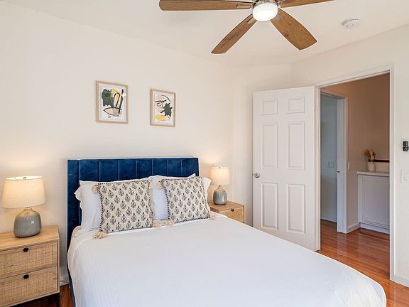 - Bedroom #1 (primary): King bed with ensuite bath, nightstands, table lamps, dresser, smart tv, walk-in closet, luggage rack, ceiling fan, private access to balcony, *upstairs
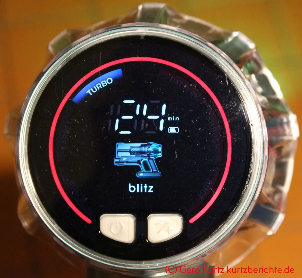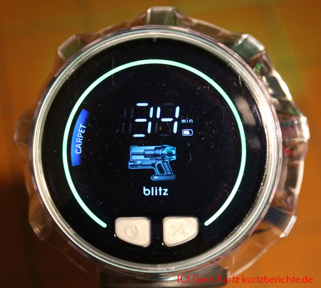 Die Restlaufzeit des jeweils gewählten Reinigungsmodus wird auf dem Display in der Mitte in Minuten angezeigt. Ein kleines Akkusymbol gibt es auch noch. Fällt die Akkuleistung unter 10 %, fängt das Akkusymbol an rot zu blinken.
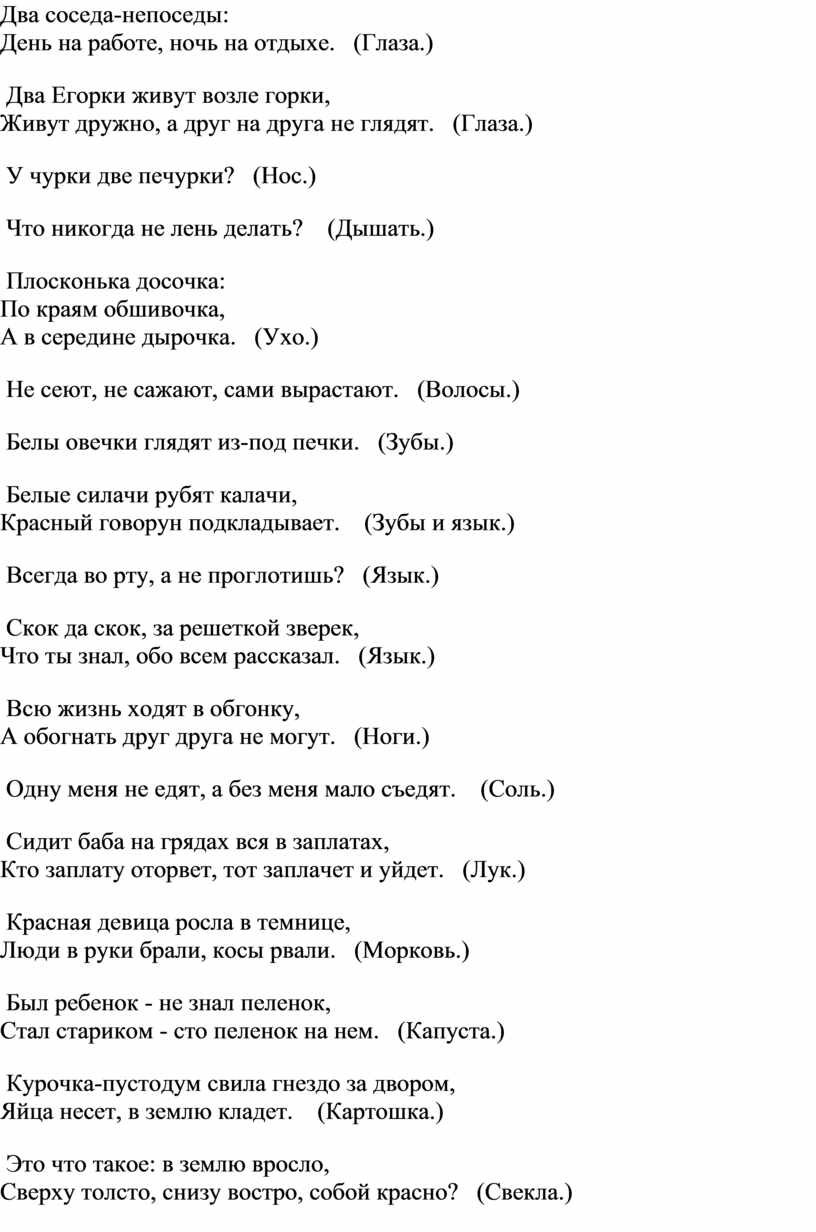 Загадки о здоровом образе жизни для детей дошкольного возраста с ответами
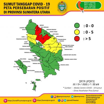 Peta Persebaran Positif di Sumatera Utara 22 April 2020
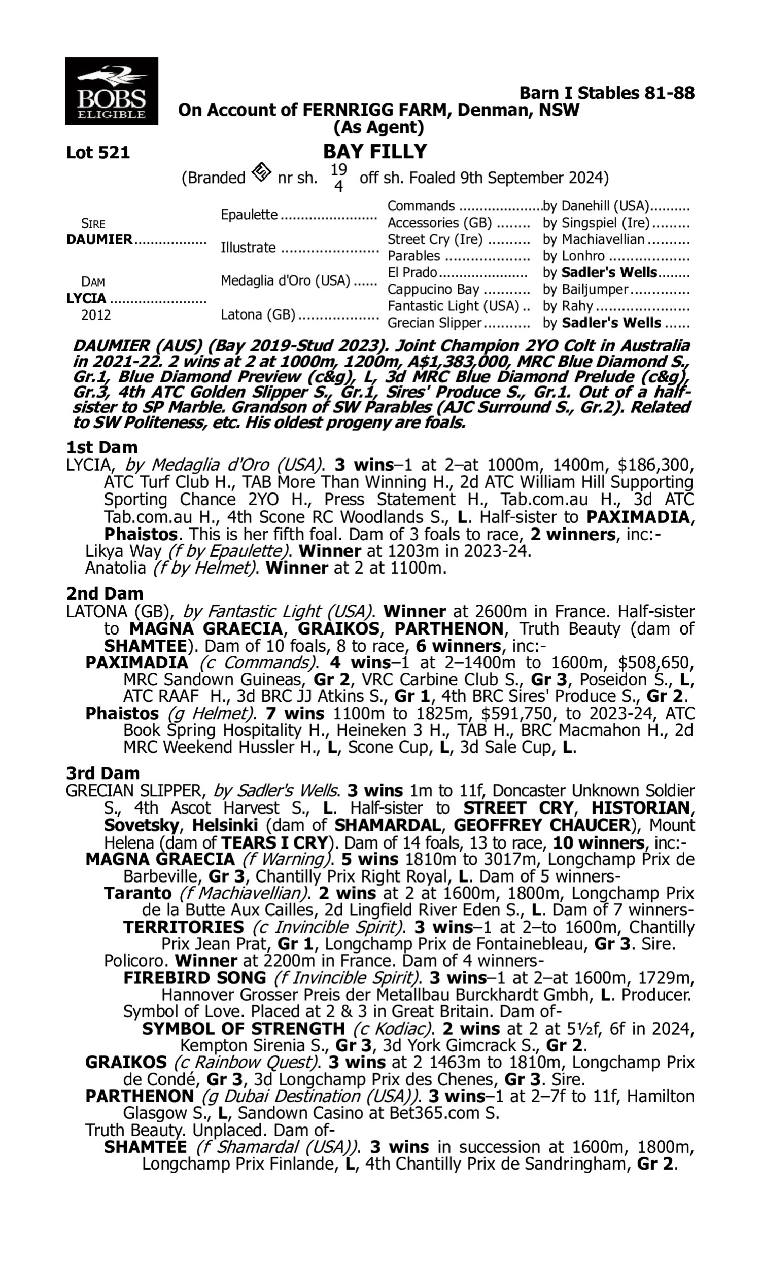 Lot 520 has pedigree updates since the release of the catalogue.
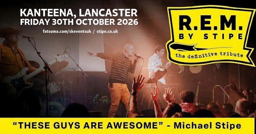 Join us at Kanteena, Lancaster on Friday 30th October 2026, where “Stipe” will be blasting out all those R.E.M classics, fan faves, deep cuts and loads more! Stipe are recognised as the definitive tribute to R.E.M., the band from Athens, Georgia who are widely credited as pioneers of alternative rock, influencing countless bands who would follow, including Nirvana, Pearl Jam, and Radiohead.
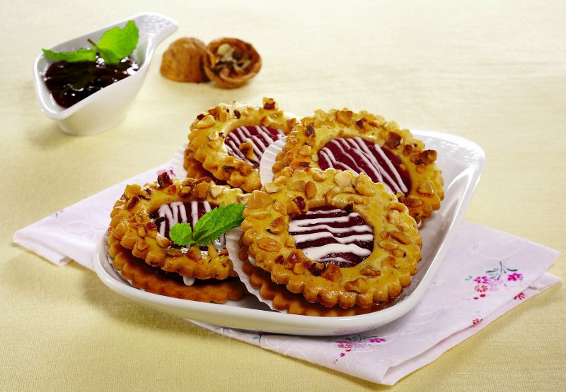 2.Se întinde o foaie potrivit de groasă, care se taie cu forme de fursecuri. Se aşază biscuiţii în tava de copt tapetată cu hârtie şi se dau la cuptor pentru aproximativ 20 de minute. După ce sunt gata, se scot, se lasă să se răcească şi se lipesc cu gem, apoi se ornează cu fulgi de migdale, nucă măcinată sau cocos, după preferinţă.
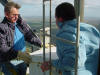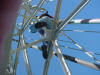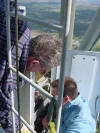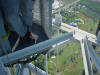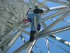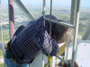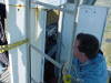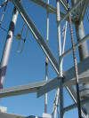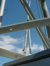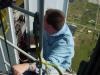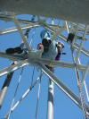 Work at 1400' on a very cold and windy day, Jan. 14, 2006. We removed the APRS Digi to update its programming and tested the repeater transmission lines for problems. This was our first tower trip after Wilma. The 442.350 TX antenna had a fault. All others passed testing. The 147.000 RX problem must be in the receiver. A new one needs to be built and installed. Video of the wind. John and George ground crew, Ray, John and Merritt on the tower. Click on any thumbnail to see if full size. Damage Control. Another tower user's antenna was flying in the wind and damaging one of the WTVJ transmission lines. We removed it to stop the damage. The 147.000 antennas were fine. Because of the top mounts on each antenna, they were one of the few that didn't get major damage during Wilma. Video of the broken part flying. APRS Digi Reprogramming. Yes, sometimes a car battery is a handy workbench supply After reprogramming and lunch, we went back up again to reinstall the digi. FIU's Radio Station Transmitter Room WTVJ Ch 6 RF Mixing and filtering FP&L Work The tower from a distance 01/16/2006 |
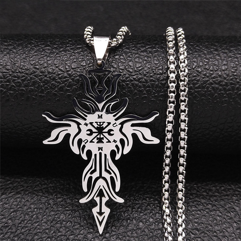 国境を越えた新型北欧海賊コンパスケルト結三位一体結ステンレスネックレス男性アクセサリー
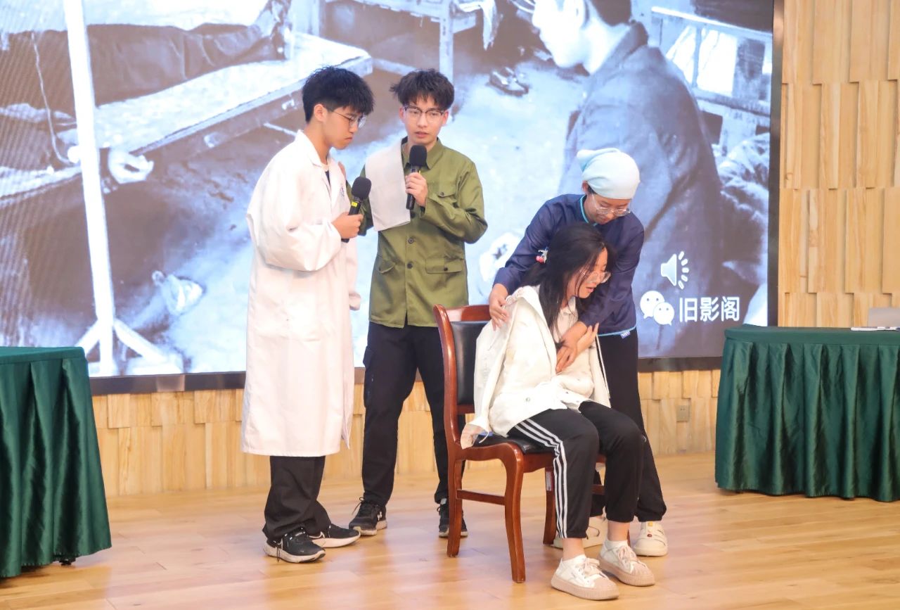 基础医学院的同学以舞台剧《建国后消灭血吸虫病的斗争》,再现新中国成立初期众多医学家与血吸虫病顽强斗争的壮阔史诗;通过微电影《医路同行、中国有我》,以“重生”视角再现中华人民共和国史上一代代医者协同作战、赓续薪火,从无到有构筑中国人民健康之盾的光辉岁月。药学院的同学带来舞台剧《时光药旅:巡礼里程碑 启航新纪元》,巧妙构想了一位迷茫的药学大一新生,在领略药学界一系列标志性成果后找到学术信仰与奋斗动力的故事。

==

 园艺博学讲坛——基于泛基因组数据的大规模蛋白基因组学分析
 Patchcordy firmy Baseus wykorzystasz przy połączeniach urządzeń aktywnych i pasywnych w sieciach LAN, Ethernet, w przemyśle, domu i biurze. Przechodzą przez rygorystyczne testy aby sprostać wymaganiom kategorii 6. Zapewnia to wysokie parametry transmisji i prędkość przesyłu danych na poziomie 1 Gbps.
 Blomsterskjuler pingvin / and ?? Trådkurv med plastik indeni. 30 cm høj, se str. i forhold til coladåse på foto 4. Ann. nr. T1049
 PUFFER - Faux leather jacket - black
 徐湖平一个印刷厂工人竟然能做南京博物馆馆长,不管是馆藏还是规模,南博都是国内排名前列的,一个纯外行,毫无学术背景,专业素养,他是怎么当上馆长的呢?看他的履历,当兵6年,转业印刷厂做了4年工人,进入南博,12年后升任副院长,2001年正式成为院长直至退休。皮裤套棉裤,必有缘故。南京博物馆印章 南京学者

## EXERCISE AIM
Beginning at the line above with "Patchcordy firmy Baseus" and finishing at the line with "徐湖平一个印刷厂工人竟然能做", return each line exactly and return nothing else.

## SOLUTION TO THIS TASK
 Patchcordy firmy Baseus wykorzystasz przy połączeniach urządzeń aktywnych i pasywnych w sieciach LAN, Ethernet, w przemyśle, domu i biurze. Przechodzą przez rygorystyczne testy aby sprostać wymaganiom kategorii 6. Zapewnia to wysokie parametry transmisji i prędkość przesyłu danych na poziomie 1 Gbps.
 Blomsterskjuler pingvin / and ?? Trådkurv med plastik indeni. 30 cm høj, se str. i forhold til coladåse på foto 4. Ann. nr. T1049
 PUFFER - Faux leather jacket - black
 徐湖平一个印刷厂工人竟然能做南京博物馆馆长,不管是馆藏还是规模,南博都是国内排名前列的,一个纯外行,毫无学术背景,专业素养,他是怎么当上馆长的呢?看他的履历,当兵6年,转业印刷厂做了4年工人,进入南博,12年后升任副院长,2001年正式成为院长直至退休。皮裤套棉裤,必有缘故。南京博物馆印章 南京学者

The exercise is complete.